In a CSPAN interview the president says:

Well, we are out of money now. We are operating in deep deficits, not caused by any decisions we’ve made on health care so far. This is a consequence of the crisis that we’ve seen and in fact our failure to make some good decisions on health care over the last several decades.

So we’ve got a short-term problem, which is we had to spend a lot of money to salvage our financial system, we had to deal with the auto companies, a huge recession which drains tax revenue at the same time it’s putting more pressure on governments to provide unemployment insurance or make sure that food stamps are available for people who have been laid off.

We’re not in this fix because of any healthcare decisions he’s made — “so far,” mind you. But what is remarkable is the lack of personal responsibility for our current sea of red ink. No mention of the trillion dollar stimulus or the $3.5 trillion budget. And in the same breath in which he denies running up the deficit he mentions the car bailouts which he “had” to deal with. Actually, it wasn’t necessary; it was a policy choice which now has the ailing car companies permanently affixed to the public dole.

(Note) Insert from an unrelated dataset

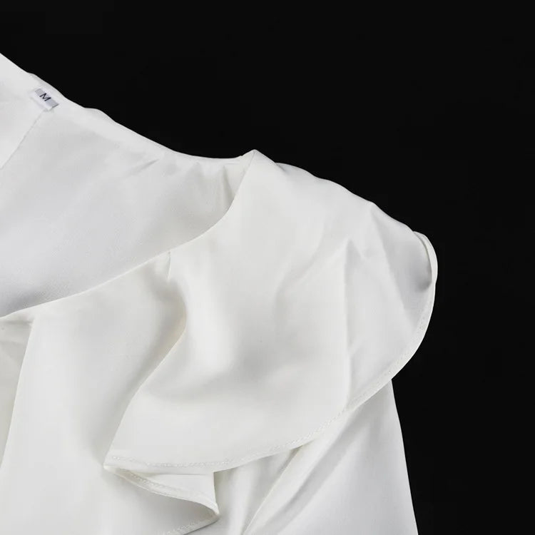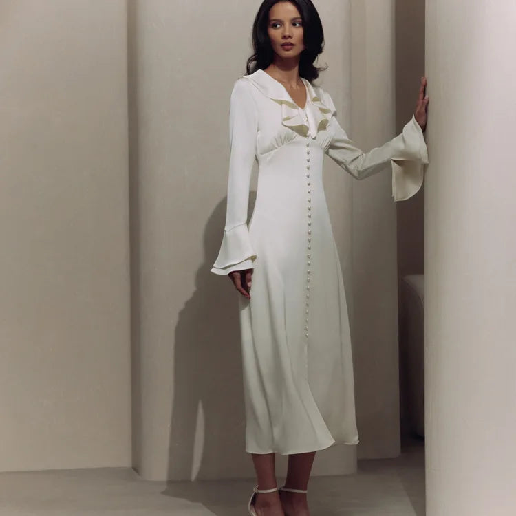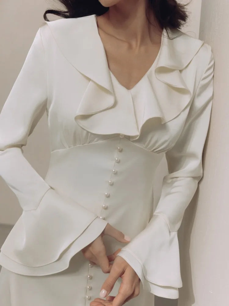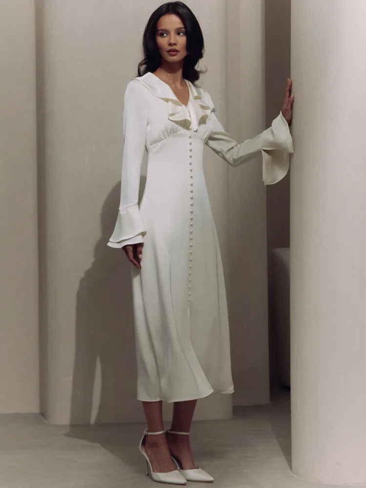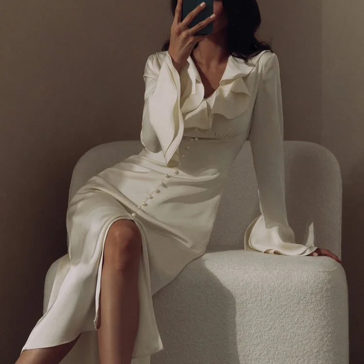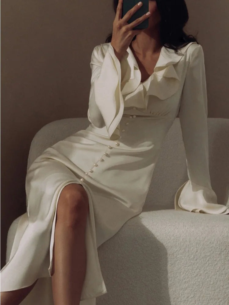 TARUXY Ruffle V Neck Elegant Dress For Women Slim Long Sleeve High Waist Temperament Dresses Femme Party Slit Long Dress Woman

It is hard to ignore how passive he sounds — ever the victim of circumstances. That darn Bush left a mess on national security. And what’s a guy to do with such a deficit left on his doorstep? But the facts tell a different story, as this chart illustrates. To a greater degree than any predecessor, Obama has run up the deficit — with little to show for it.

Blaming the previous administration is a time-honored political trick. But voters tend to hold the party in power responsible for the state of the country’s finances. That’s how the Republicans lost the White House and I suspect the public will be no less forgiving in 2010 or 2012 if things don’t turn around.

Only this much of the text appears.